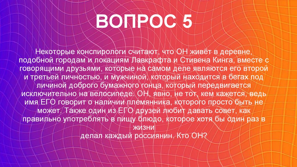 ВОПРОС 5Некоторые конспирологи считают, что ОН живёт в деревне,
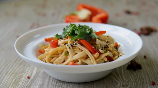 Готовлю азиатское блюдо "удон с овощами" на русский лад. Добавляем копчёный сыр к классическому рецепту. Пальчики оближешь.
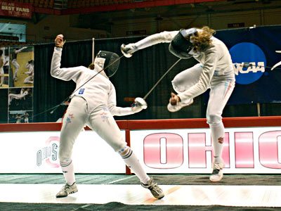 The top-ranked Ohio State women’s squad set the stage with a strong performance that registered 101 points en route to the national championship. The Buckeyes’ Siobhan Byrne earned the top seed in the medal round for the sabre and advanced to the final to face Notre Dame freshman Sarah Borrmann in a back-and-forth match. Byrne took a quick 4-0 lead before Borrmann responded to even the score, 5-5, and eventually pull ahead for an 8-7 advantage at the break. Borrmann maintained the lead and went on to capture the women’s sabre title, 15-11. Columbia’s Emily Jacobson, the 2005 champion, was third.
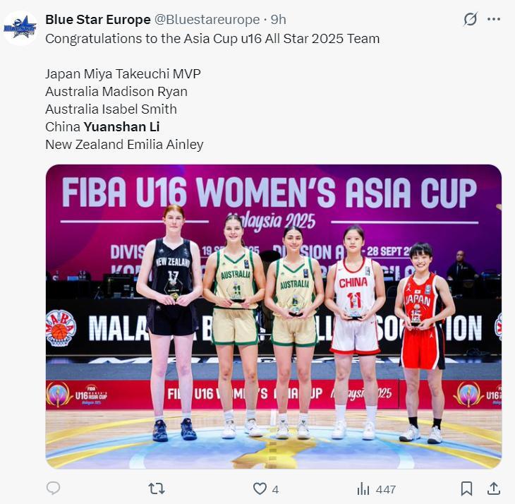球探也曬出了本次亞洲盃的最佳陣容名單,李沅珊(中國)、竹內美也(日本)、埃米莉亞-安利(新西蘭)、伊莎貝爾-史密斯(澳大利亞)、麥迪遜-瑞安(澳大利亞)。
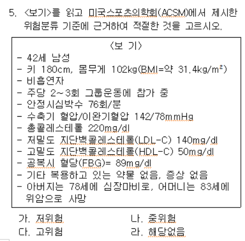 2015년 건운사 필기시험 건강체력평가 1~5번 문제는 신체활동과 질병, 운동참여 전 사전검사, ACSM의 위험분류에 대해 출제되었습니다.
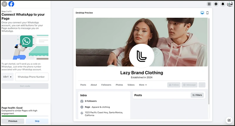 Integrating WhatsApp with your Facebook busines page allows you to connect with customers in a fast and personal way. Just enter your WhatsApp business number and verify it using the confirmation code sent to your phone. Once connected, your customers can easily click a button on your page to start a conversation with you directly through WhatsApp.
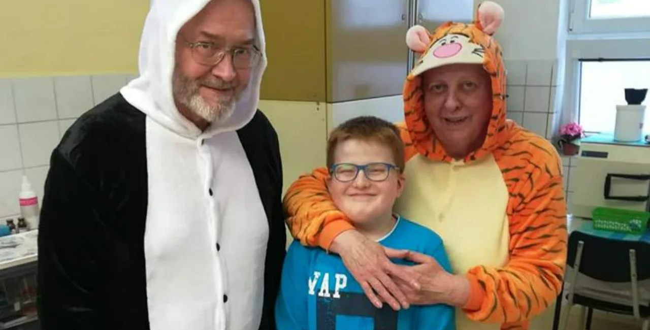 But Nova Bystřice dentist Dr. Ryšánek came up with a unique solution to be able to treat him: he donned a full-length panda suit to entertain Adam while performing the dental procedures, accompanied by his wife in a tiger costume.

☆ ☆ ☆ ☆ ☆

• Problem to work on: From the line that contains "Integrating WhatsApp with" to the end of the material above, output every line exactly, both ends included, but leave out any pictures.

• Output below:
 Integrating WhatsApp with your Facebook busines page allows you to connect with customers in a fast and personal way. Just enter your WhatsApp business number and verify it using the confirmation code sent to your phone. Once connected, your customers can easily click a button on your page to start a conversation with you directly through WhatsApp.
 But Nova Bystřice dentist Dr. Ryšánek came up with a unique solution to be able to treat him: he donned a full-length panda suit to entertain Adam while performing the dental procedures, accompanied by his wife in a tiger costume.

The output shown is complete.